Maybe that could answer some of your questions.
Best regards,
Enric
[1] https://lkml.org/lkml/2018/2/27/910
On 03/07/18 19:13, Matthias Kaehlcke wrote:
> On Thu, Jun 28, 2018 at 05:33:02PM -0700, Matthias Kaehlcke wrote:
>> Hi,
>>
>> I stumbled across this patch since I'm currently poking around with
>> early thermal bringup on a platform and this patch has been integrated
>> in our development tree.
>>
>> I'm seeing some unexpected behaviors, which could entirely due to
>> wrong expectation from my side. I only have some basic working
>> knowledge of the thermal framework, just want to double check and
>> perhaps learn a thing or two.
>>
>> On Mon, Feb 26, 2018 at 03:41:18PM +0100, Enric Balletbo i Serra wrote:
>>> From: Zhang Rui <rui.zhang@xxxxxxxxx>
>>>
>>> Thermal "mode" sysfs attribute is introduced to enable/disable a thermal
>>> zone, and .get_mode()/.set_mode() callback is introduced for platform
>>> thermal driver to enable/disable the hardware thermal control logic. And
>>> thermal core takes no action upon thermal zone enable/disable.
>>>
>>> Actually, this is not quite right because thermal core still pokes those
>>> disabled thermal zones occasionally, e.g. upon system resume.
>>>
>>> To fix this, a new flag 'mode' is introduced in struct thermal_zone_device
>>> to represent the thermal zone mode, and several decisions have been made
>>> based on this flag, including
>>> 1. check the thermal zone mode right after it's registered.

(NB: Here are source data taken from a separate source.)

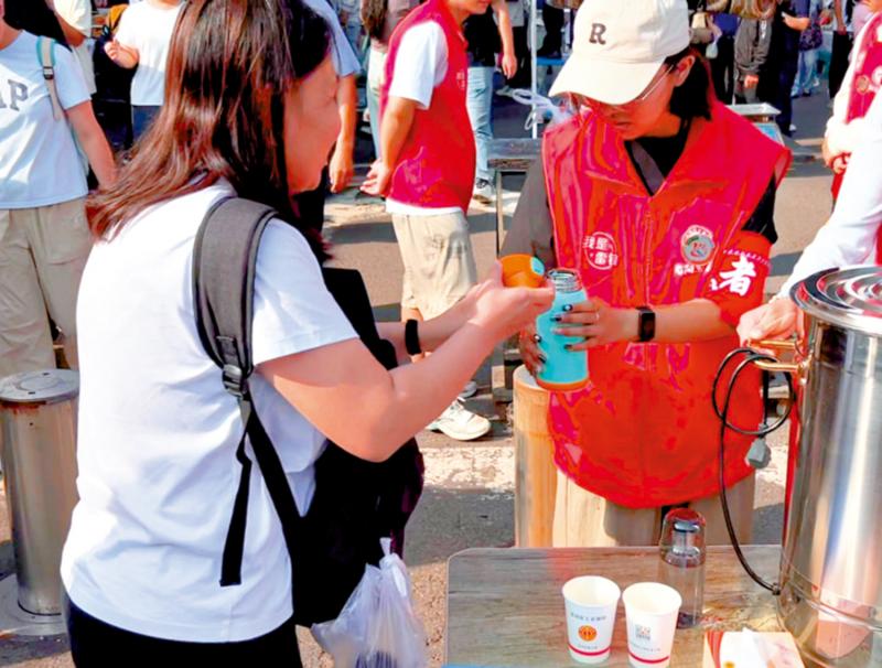 圖:小河沿早市志願者為遊客提供熱水服務。\大公報記者于珈琳攝
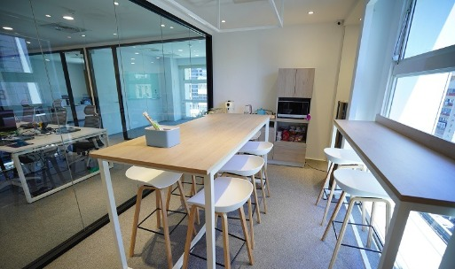 前房客其中一間會(huì)議室用來(lái)改裝員工休息室,我們以白色和橡木為基調(diào),采用白色桌腳,搭配橡木桌面,形成員工休息室的吧臺(tái)桌,搭配白色椅面吧臺(tái)椅,溫馨舒適,富有人文氣息。
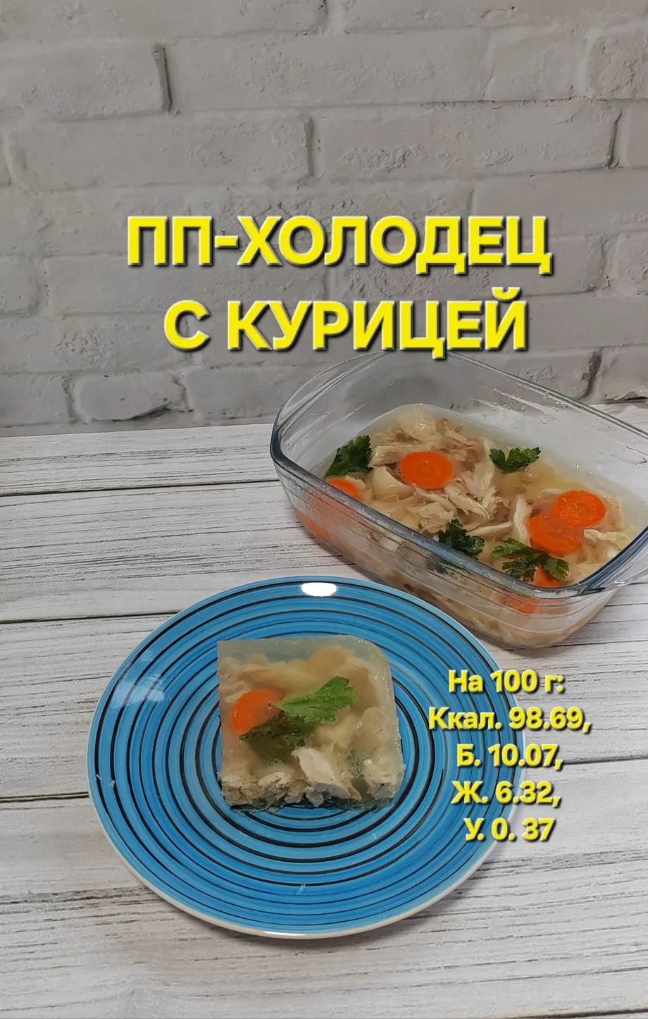 На 100 г: Ккал. 85.42 | Б. 9.7 | Ж. 4.19 | У. 2.3
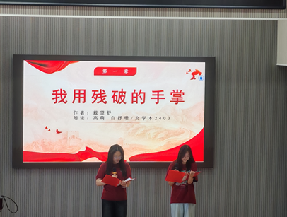 朗诵会在叶挺《囚歌》的铿锵朗诵中拉开帷幕。董维远等朗读者用沉郁而有力的声线,生动再现了革命先辈们在苦难中坚守信念、铁骨铮铮的英雄形象,让师生仿佛置身于那个风雨如晦的年代;戴望舒《我用残损的手掌》在双人朗诵中铺展家国伤痛,配合《觉醒年代》《百年征程》的群诵,完成从历史阵痛到精神觉醒的叙事升华。
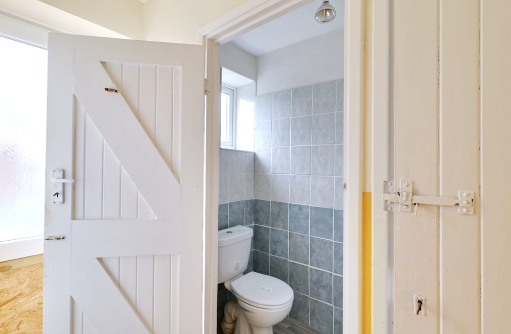 1.31m x 0.98m (4' 4" x 3' 3"). Double glazed window to rear, low-level flush WC, tiled walls, vinyl flooring.
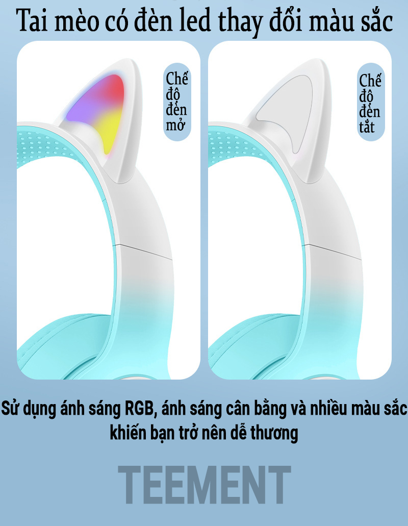 Tai Nghe Bluetooth Tai Mèo Phát Sáng Teement, Tai Nghe Không Dây, Tai Nghe Chụp Tai Bluetooth 5.3, Đèn Led Và Âm Bass Mạnh Mẽ -hàng Chính Hãng Mô tả sản phẩm Tai nghe

>>> 2. skip updating thermal zone if the zone is disabled
>>> 3. stop the polling timer when the thermal zone is disabled
>>>
>>> Note: basically, this patch doesn't affect the existing always-enabled
>>> thermal zones much, with just one exception -
>>> thermal zone .get_mode() must be well prepared to reflect the real thermal
>>> zone status upon the thermal zone registration.
>>
>> From my perspective this looks like a pretty significant change. For
>> the platform I'm working on I added a thermal zone to the device tree,
>> with the expectation that it would be enabled. Judging from the code
>> without this patch this expectation seems to be naive, since
>> of-thermal.c sets tz->mode to THERMAL_DEVICE_DISABLED, so apparently
>> either userspace or some driver should call _set_mode(tz,
>> THERMAL_DEVICE_ENABLED). However even without this the thermal zone
>> appears to be active (I didn't really test end-to-end yet, but at
>> least thermal_zone_device_update() is called and calls
>> handle_thermal_trip()). Not sure why this is the case with
>> THERMAL_DEVICE_DISABLED, but before I learned about the existence of
>> the flag my expectation was that the zone would be enabled.
>>
>> With this patch thermal_zone_device_update() is skipped if the zone
>> hasn't been explictly enabled, which may be consistent with the state
>> of 'tz->mode', but effectively changes the previous/current behavior.
>>
>> Not sure if I'm just dumbly overlooking something obvious or if there
>> is an actual problem with of_thermal (and maybe others).
>
> The problem is that there are now two 'mode' fields, tzd->mode and the
> other typically tzd->devdata->mode, and tzd->mode is never set to enabled.
>
>> thermal zone .get_mode() must be well prepared to reflect the real thermal
>> zone status upon the thermal zone registration.
>
> For of_thermal tzd->mode is initialized with the result of .get_mode()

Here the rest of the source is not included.